1. Le gardé.
On ne connaît pas ce qui est gardé. Ce peut être quelque chose d'inaccessible, d'inconnu, d'impensable ou d'innommable (comme khôra), un geste de violence enfouie, une promesse ou la différance elle-même (abritée dans la langue que nous parlons). Ce peut être un mort - en un lieu cryptique ou l'autre est gardé comme étranger, un mot-chose isolé de l'espace général par des cloisons, des murs ou des parois brisées, fracturées. Ce peut aussi être un secret qu'on garde en silence pour préserver, par exemple, une filiation ou une amitié.
Quand un don est gardé, il suffit que son sens soit reconnu pour qu'il soit transformé en échange symbolique, annulé et détruit.
2. Le gardien.
Connaît-on le gardien? S'il était présent, ce serait par la voix, mais la voix n'en est que le simulacre - elle-même garde le dedans en soi, alors même qu'elle l'émet en-dehors. Et nul ne sait qui est le gardien (comme dans la nouvelle de Kafka, Devant la loi, où le sujet renonce de lui-même à franchir la porte de la loi, sans que le gardien ne l'en empêche).
Qu'est-ce qui garde la mémoire? Pas le gardien, le nom. Mais que garde-t-il exactement? Autre chose que la chose nommée. Le nom est un tombeau, une sépulture, derrière laquelle s'efface ce qui est nommé. Quant à la signature, elle ne garde qu'une archive réifiée, qui impose son sceau sur un cadavre.
Le philosophe comme tel, celui qui exerce le métier de philosophe, c'est quelqu'un qui essaye de construire la machine la plus économique possible pour répéter, pour garder ce que d'autres ont écrit. Par sa maîtrise sur le discours, il formalise, il garde la mémoire et en même temps il garde la garde, il écrit pour garder. En s'interrogeant sur la vérité, l'être, le langage, il se garde aussi, il garde en réserve une autre voix idiomatique, tremblante, dissimulée, qu'il ne peut pas dévoiler.

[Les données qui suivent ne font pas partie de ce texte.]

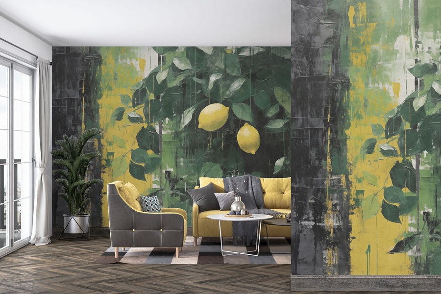 Transforme qualquer espaço com este mural de parede vibrante com limões diretamente da árvore. Imagine entrar no seu quarto e ser recebido por explosões de amarelo ensolarado e verdes ricos. É como trazer uma fatia do verão para dentro de casa – perfeito para aqueles dias sombrios em que precisa de um pequeno estímulo.

Respecter un secret, le garder, même sans y avoir accès, c'est résister à une transparence qui peut, trop vite, devenir totalitaire. C'est la position du marrane, du Juif qui, sans le connaître, garde le secret qui lui a été confié.
3. Mise en garde.
Il arrive que ce qui garde et ce qui est gardé se confondent. Ainsi en est-il pour l'oeuvre [d'art], qui se garde elle-même par les bords, titres et parerga qui la cadrent, mais ne peut survivre que par la garde d'un autre. L'oeuvre, comme l'autre qui la garde, est absolument solitaire.
Quand elle est accomplie par un pouvoir politique, un archonte, un lieu d'autorité, la mise en garde est violente. C'est une mise en ordre, une sélection de ce qu'on décide de ne pas laisser s'effacer ou se perdre. Pour se protéger de tout imprévu, il faut que l'archive gardée soit maîtrisée, interprétée, qu'on lui donne un sens. C'est ce que Derrida appelle la pulsion d'archive. Pour penser l'avenir, on mettra à mort l'archonte et tout ce qui, dans la tradition, porte la loi. C'est le meurtre oedipien, qui ne supprime ni l'archive, ni la loi, ni la mise en garde.